Fig. 7 |. Neuronal and mitochondrial dysfunction in the substantia nigra in the midbrain of patients with severe acute/subacute COVID-19.

a,c, Midbrain ROI selection diagram in biological independent non-COVID controls (n = 4) and patients with COVID-19 (n = 4). A total of 79 ROIs (white square) were selected. Multiplex immunofluorescence highlights cerebral peduncle (CP, a), red nucleus (RN, a), periaqueduct gray matter (PeriGM, a) and substantia nigra (SN, c). Magenta, anti-NeuN; blue, nuclei; greenyellow, anti-GFAP; cyan, anti-IBA1. Scale bar in whole tissue section, 1 mm. Scale bar in ROI, 50 μm. b, Dot plot of differential expression of SARS-CoV2 viral probes and viral-related genes in four areas in the midbrain. Yellow represents upregulation; blue represents downregulation. The color intensity corresponds to the effect size (log₂FC).
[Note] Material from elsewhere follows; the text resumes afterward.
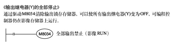 三菱的FX2N 誰(shuí)能講講M8034的用法 我用SFC做了個(gè)小程序 希望能用M8034作為急停 可為什么運(yùn)行M8034后 實(shí)際PLC上沒(méi)有輸出(PLC上燈沒(méi)亮 也就是繼電器沒(méi)吸和) 但是GX Developer上監(jiān)視是卻看到有輸出....這是什么原因 M8034不是禁止輸出的么

The grayscale of the dot edge corresponds to the BH-adjusted P value. The dot size represents the relative abundance across the assessed areas. c, Representative histological sections with well-preserved pigmentation in the DA neurons at substantia nigra pars compacta (SNpc) in both cohorts (12 controls and 17 patients examined). Scale bar, 100 μm. Multiplex immunofluorescence highlights DA neurons in the substantia nigra ROIs in both groups (25 ROIs selected). Scale bar, 50 μm. d, Volcano plot of differential expression profile (LMM, Dream) in the substantia nigra. Genes associated with neuronal markers, oxidative phosphorylation and PD are decreased and highlighted. Metallothionein (MT)-related genes are increased and highlighted. e, Volcano plots showing the differential expression of 90 oxidative phosphorylation genes in the substantia nigra and red nucleus (all BH-adjusted P < 0.05). FC, fold change.